Daisy is caught on surveillance by S.H.I.E.L.D., revealing Hive's location to them, but while Alphonso "Mack" Mackenzie believes she is resisting the enthrallment and trying to contact S.H.I.E.L.D. for help, Coulson suspects a trap. He sends a team led by Melinda May and Mack to infiltrate the town and assassinate Hive, and May poses as a Hydra operative to trick James into revealing Hive's whereabouts. The team find the Kree artifact, revealed to be a beacon, which Hive is using to signal to a meteor orbiting Earth. The meteor crashes in the town, and two Kree Reapers, who have been cryogenically preserved inside for over a thousand years, emerge and begin hunting for Inhumans, having been put in orbit by their masters as a fail-safe in case the Inhumans rebelled against them.
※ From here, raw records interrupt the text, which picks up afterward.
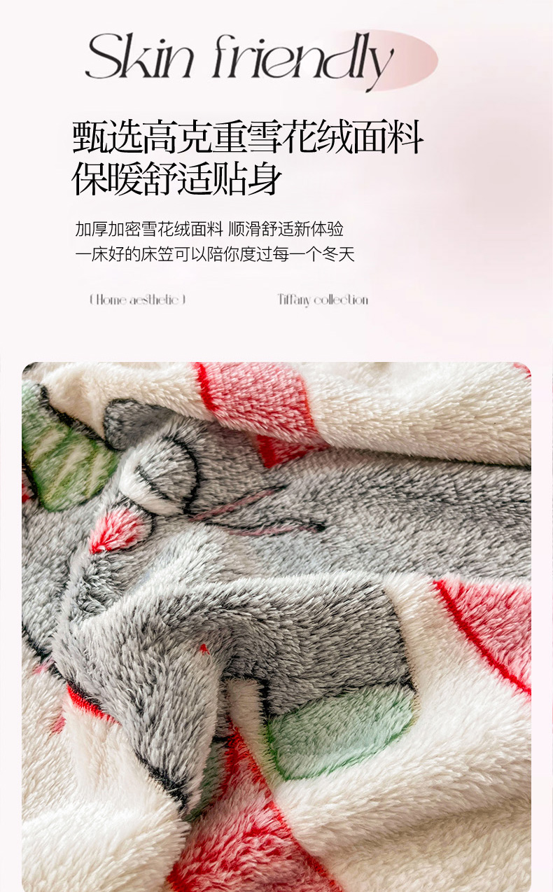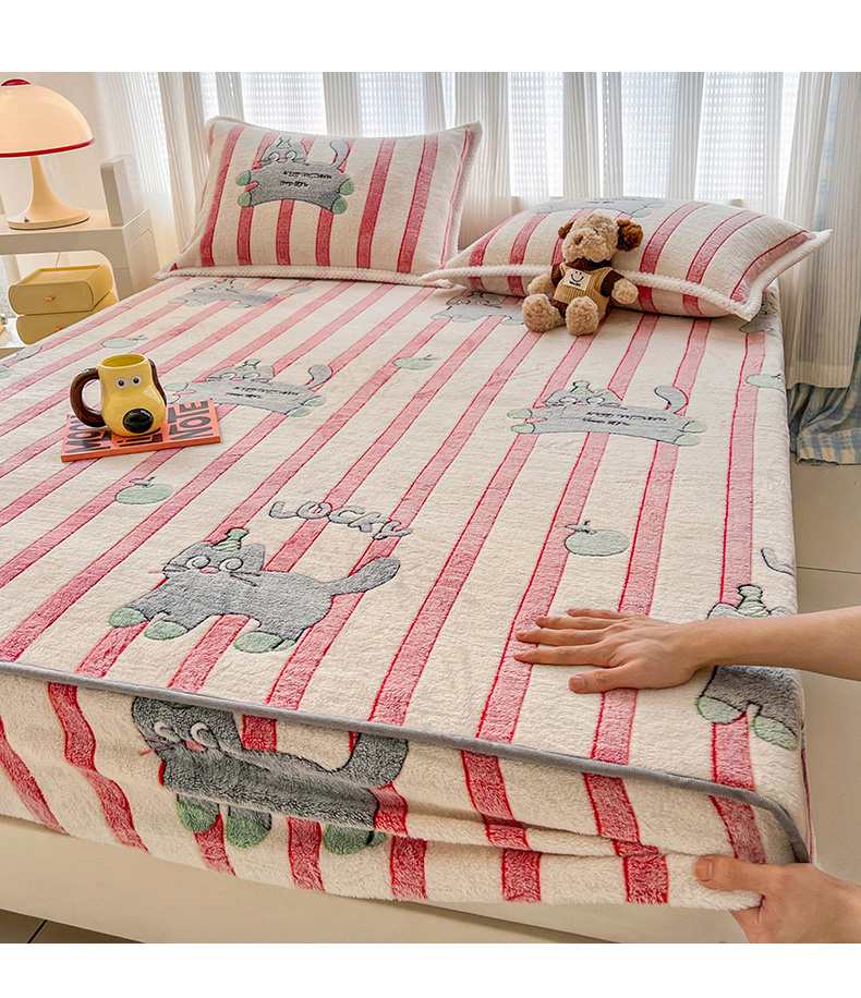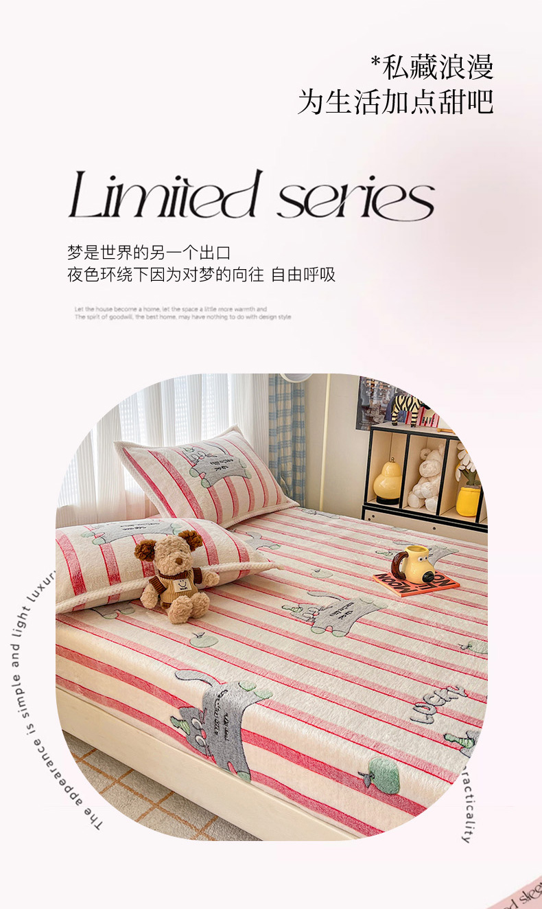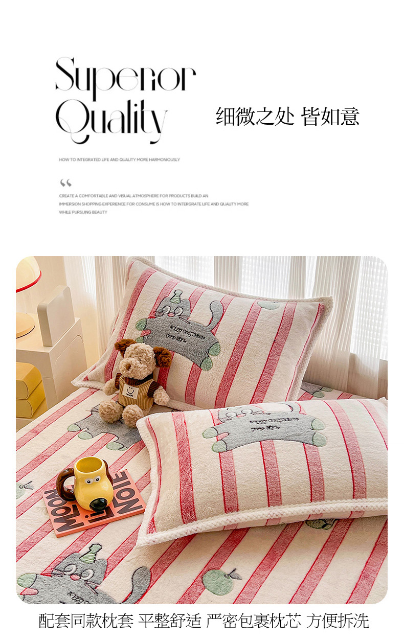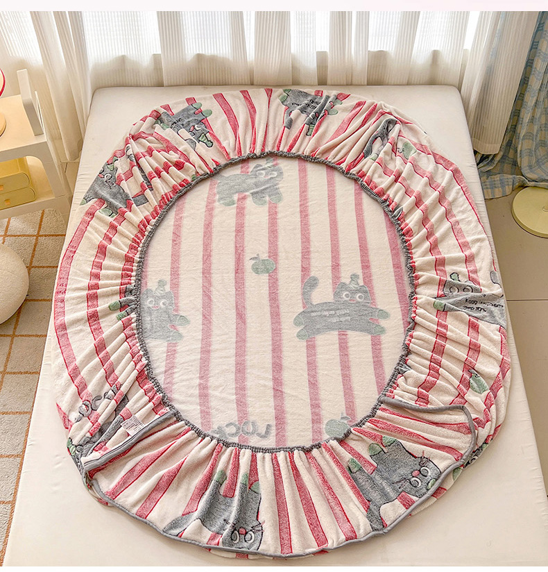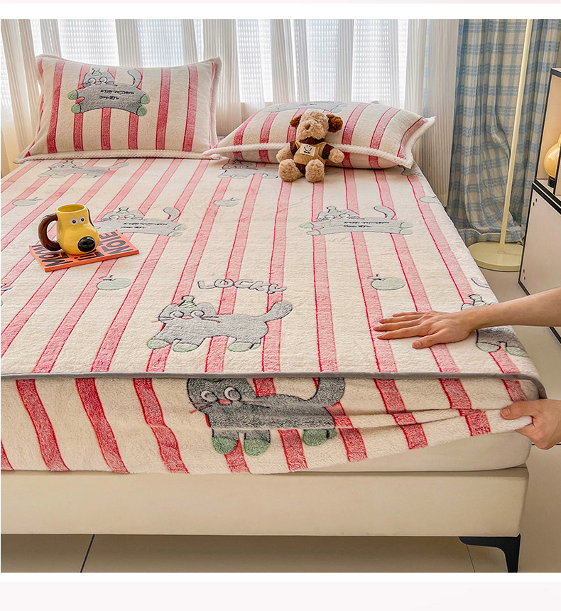 倾慕家纺 2024新款加厚保暖6D立体雪花绒系列-单床笠 时尚猫咪
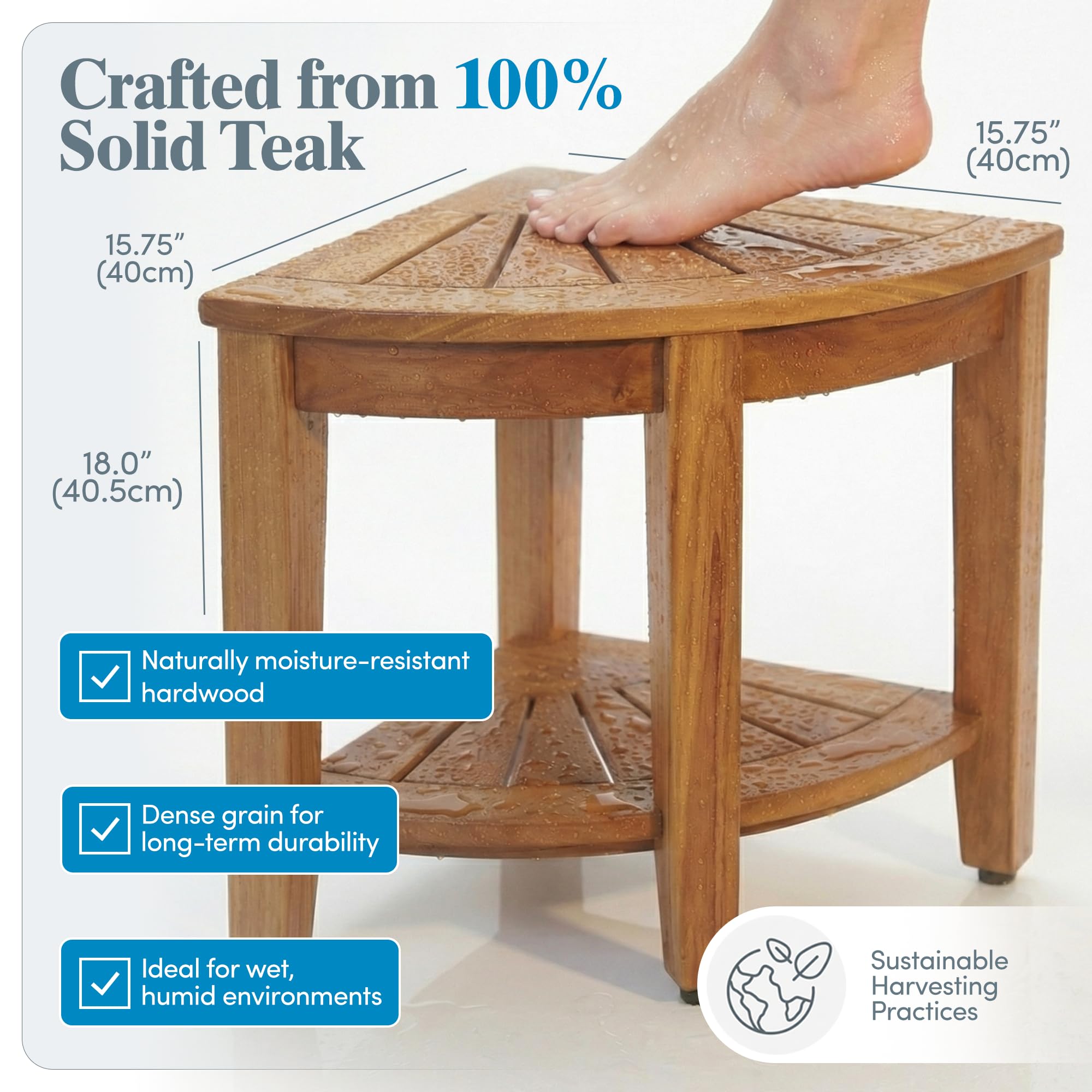 Premium Teak Wood for Durability: Crafted from sustainably harvested, premium Indonesian teak wood, this shower bench is designed to withstand humidity and resist water damage and allow water to flow through, preventing pooling & offering long-lasting performance. Ideal for bathroom furniture, this durable teak wood bench is the prime addition to your shower or bathroom decor.
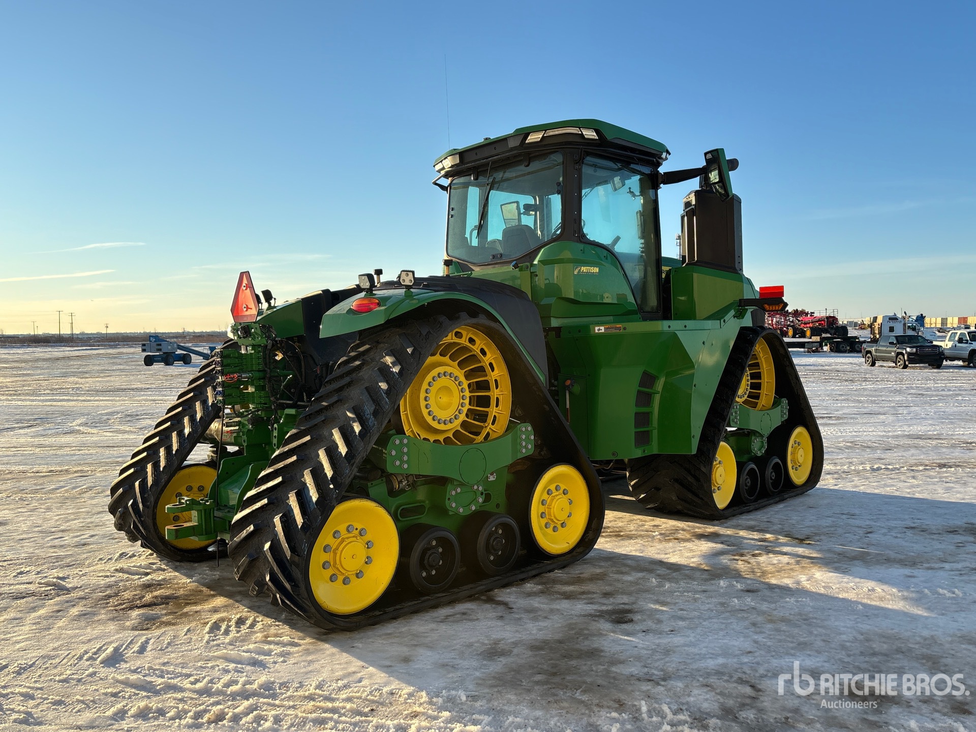 Located in Lane 1 Spot 4, Enclosed Cab, Air Conditioner, Air Ride Seat, 18 Forward 6 Reverse, e18 PowerShift, Forward/ Reverse Shuttle, Cab Suspension, 4600 CommandCenter Display, 2023 US EPA Label, CARB Compliant, Requires Diesel Exhaust Fluid, High Flow Hydraulics, 6 Rear Remotes, ISOBUS, Drawbar, Camso 6500 36 in Tracks, 87 in Track Spacing, Dual Hydraulic Pumps (110 GPM), Tow Cable, Ultimate Comfort Pkg, Poly Mid Rollers, Complete-Dispersal-MacDermott-Farms-Ltd
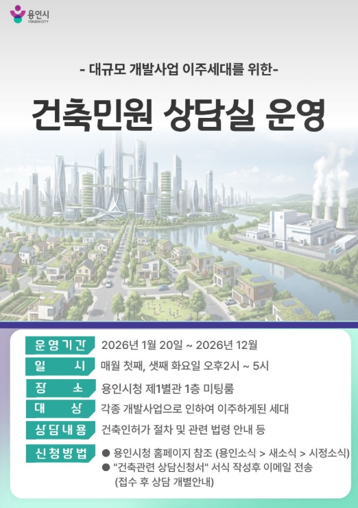 ![]() 용인특례시가 개발사업에 따른 이주세대를 위해 '맞춤형 건축민원 상담 서비스'를 운영한다. |
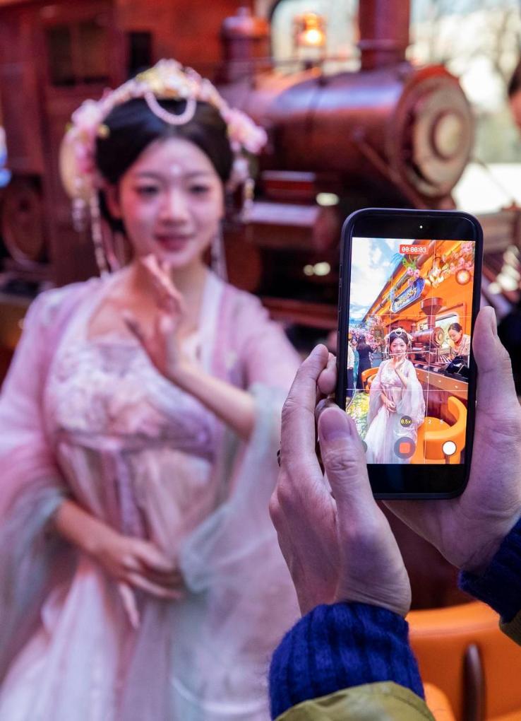 A tourist takes photos on a themed train running from Beijing Railway Station to Tianjin North Railway Station, Jan. 1, 2026. (Xinhua/Zhang Fan)
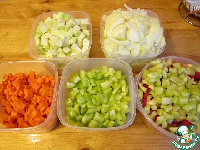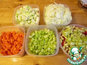 Пока жарилось мясо режем овощи, все кубиком, кроме лука, лук четверть кольцами. Ну на фото видно как.
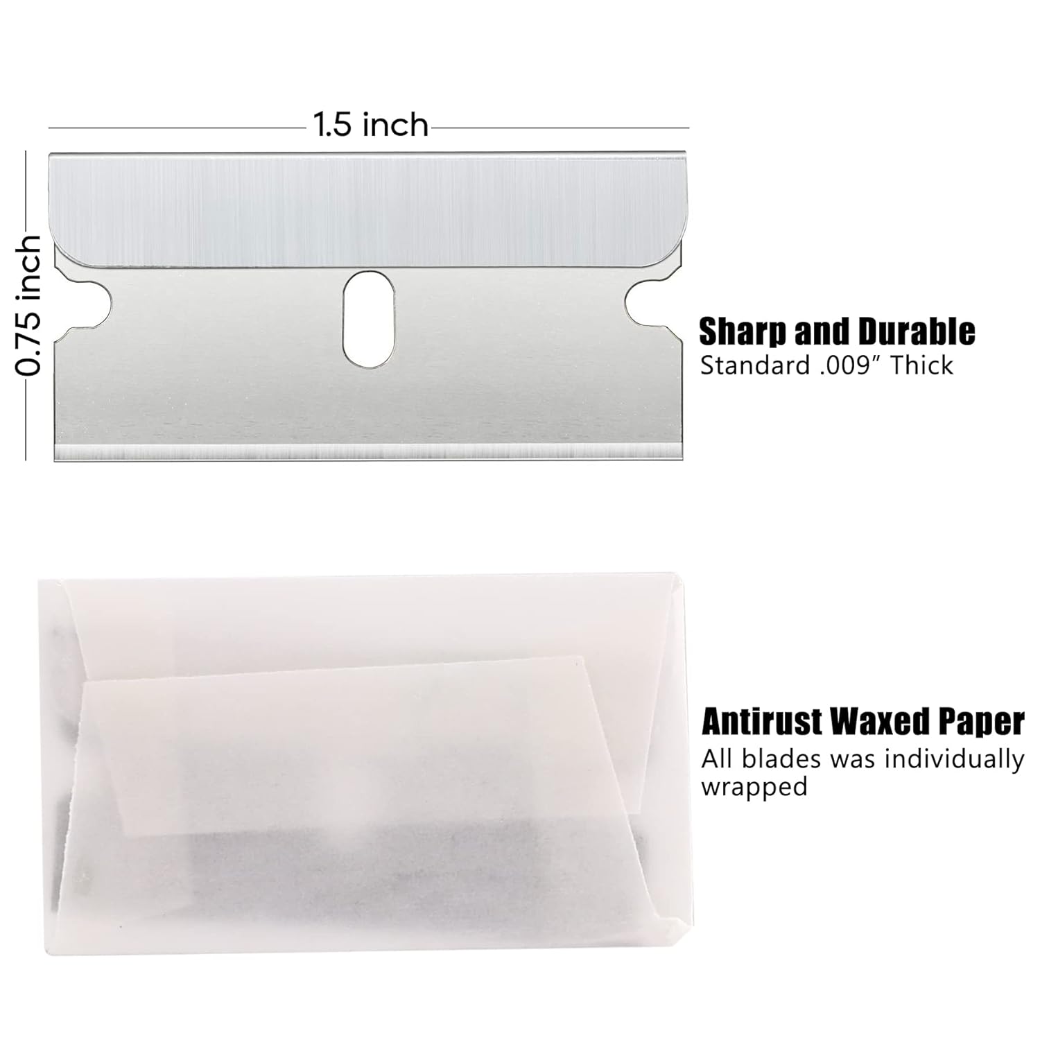 - Includes 200 total 1.5" x 0.75" thick steel single edge razor blades

One of the Reapers attacks Hive, who eventually kills him in a fight, after which the S.H.I.E.L.D. team attempt to destroy Hive with a grenade launcher, which proves insufficient. The other Kree kills Alisha Whitley before Daisy incapacitates him, and Radcliffe begins draining his blood. Mack approaches Daisy and tries to convince her to leave with him, still believing she is resisting Hive's control, but she denies it and reveals Hive's plan to transform humankind. Mack then vaporizes the captured Kree with a Hydra splinter bomb, and a livid Daisy attacks him, subduing him with her powers and beating him savagely. May shoots her to save Mack, and the S.H.I.E.L.D. agents escape while Radcliffe tends to Hive and Daisy's injuries. Remembering that there is Kree blood inside her from the GH325 injected into her after she was shot by Ian Quinn, (Note: As depicted in "T.R.A.C.K.S.".) Daisy offers to let her blood be harvested.

==Production==

===Development===
In April 2016, Marvel announced that the nineteenth episode of the season would be titled "Failed Experiments", to be written by Brent Fletcher, with Wendey Stanzler directing.

===Casting===

In April 2016, Marvel revealed that main cast members Clark Gregg, Ming-Na Wen, Brett Dalton, Chloe Bennet, Iain De Caestecker, Elizabeth Henstridge, Nick Blood, Adrianne Palicki, Henry Simmons, and Luke Mitchell would star as Phil Coulson, Melinda May, Hive, Daisy Johnson, Leo Fitz, Jemma Simmons, Lance Hunter, Bobbi Morse, Alphonso "Mack" Mackenzie, and Lincoln Campbell, respectively. It was also revealed that the guest cast for the episode would include Axle Whitehead as James, John Hannah as Holden Radcliffe, Alicia Vela-Bailey as Alisha Whitley, Alexander Wraith as Agent Anderson, Mark Atteberry as Kurt Vogel, Derek Phillips as Agent O'Brien, Briana Venskus as Agent Piper, Lynn Longosz as Kree reaper #1 and Chris Hubbard as Kree reaper #2. Vela-Bailey, Wraith, Atteberry, Venskus, Longosz, and Hubbard did not receive guest star credit in the episode. Whitehead, Hannah, Vela-Bailey, Wraith, Atteberry, and Phillips reprise their roles from earlier in the series. Blood and Palicki do not ultimately appear.

==Broadcast==
"Failed Experiments" was first aired in the United States on ABC on May 3, 2016.

==Reception==

===Ratings===
In the United States the episode received a 0.9/3 percent share among adults between the ages of 18 and 49, meaning that it was seen by 0.9 percent of all households, and 3 percent of all of those watching television at the time of the broadcast. It was watched by 2.92 million viewers.